Berikut empat tips yang bisa Anda ikuti, di antaranya:
1. Family Code
Yang bisa Anda lakukan pertama kali adalah membuat family code.
Dimana terdapat suatu kata yang menjadi penanda atau kode bahwa yang sedang berkomunikasi dengan Anda adalah benar-benar anggota keluarga.
Misalnya, saat Anda mengatakan “pisang goreng” akan dijawab “manis”.

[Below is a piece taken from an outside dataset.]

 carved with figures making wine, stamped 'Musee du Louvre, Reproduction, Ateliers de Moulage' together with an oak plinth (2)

Hal ini untuk mencegah penipuan melalui telepon yang menggunakan bantuan AI dalam meniru suara anggota keluarga Anda.
2. Catat Hal-Hal Fisik
Misalnya, dengan mencatat atau sekadar mengingat warna/model baju yang dikenakan oleh anggota keluarga Anda.

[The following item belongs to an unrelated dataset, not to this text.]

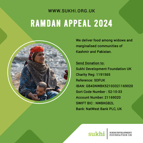 Sukhi Development Foundation UK (Sukhi) has been registered with Charity Commission for England and Wales having Charity Number 1191565. Sukhi is working for the uplift and betterment of the marginalized communities, especially widows, poor women, orphans, deprived students and the less privileged segments of the society in Pakistan-administered Kashmir. More specifically, Sukhi works with communities situated along the Line of Control (LoC) between India and Pakistan.

Hal ini untuk mencegah adanya penipuan melalui video call maupun fitnah yang menggunakan bantuan AI dalam meniru tubuh anggota keluarga Anda.
3. Rules 24 Jam Pengecekan Asli/Palsu
Di masa maraknya AI seperti saat ini, Anda perlu membuat kesepakatan dengan pasangan maupun keluarga Anda.

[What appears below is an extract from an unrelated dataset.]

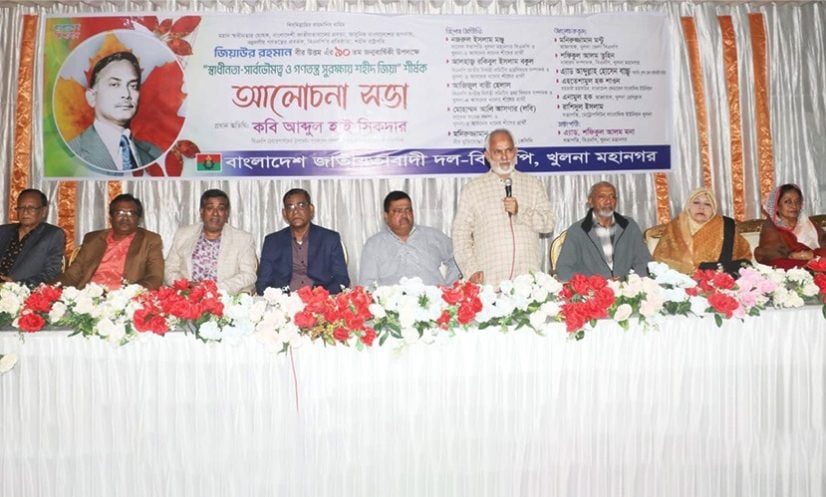 সোমবার (১৯ জানুয়ারি) বিকাল সাড়ে ৩টায় খুলনা প্রেসক্লাব মিলনায়তনে মহান শহিদ রাষ্ট্রপতি জিয়াউর রহমানের ৯০তম জন্মবার্ষিকী উপলক্ষ্যে খুলনা মহানগর বিএনপির উদ্যোগে ‘স্বাধীনতা, সার্বভৌমত্ব ও গণতন্ত্র সুরক্ষায় শহিদ জিয়া’ শীর্ষক আলোচনা সভায় বক্তারা এসব কথা বলেন।

Dalam hal apa? Dalam hal mempercayai suatu informasi yang mungkin akan merugikan Anda. Misalnya, fitnah.
Mengingat, masyarakat masih sering reaktif dalam menanggapi suatu informasi yang belum tahu kebenarannya.
Hal ini beruhubungan dengan tips ke-empat, yaitu kepercayaan.
4. Tanamkan Kepercayaan
Anda bisa mengajak pasangan maupun keluarga untuk saling mempercayai.
Dan menunggu adanya bukti yang valid ketika ingin mendapatkan informasi yang benar adanya.
Memang di era ini kita harus berhati-hati dalam menyebarkan informasi yang cukup personal dan menyangkut keluarga, untuk meminimalisir adanya hal-hal yang di luar kendali kita.
Jadi, untuk menghindari hal tersebut, Anda bisa melakukan empat tips di atas.
(Adentya Nabilah/Editor Aro)
#AI
#Bahaya Teknologi AI
#Penipuan AI
#Teknologi AI



Berita Terkait

Saraf Terjepit? Bukan Cuma Orang Aktif, Tapi Juga yang Hobi ‘Mager’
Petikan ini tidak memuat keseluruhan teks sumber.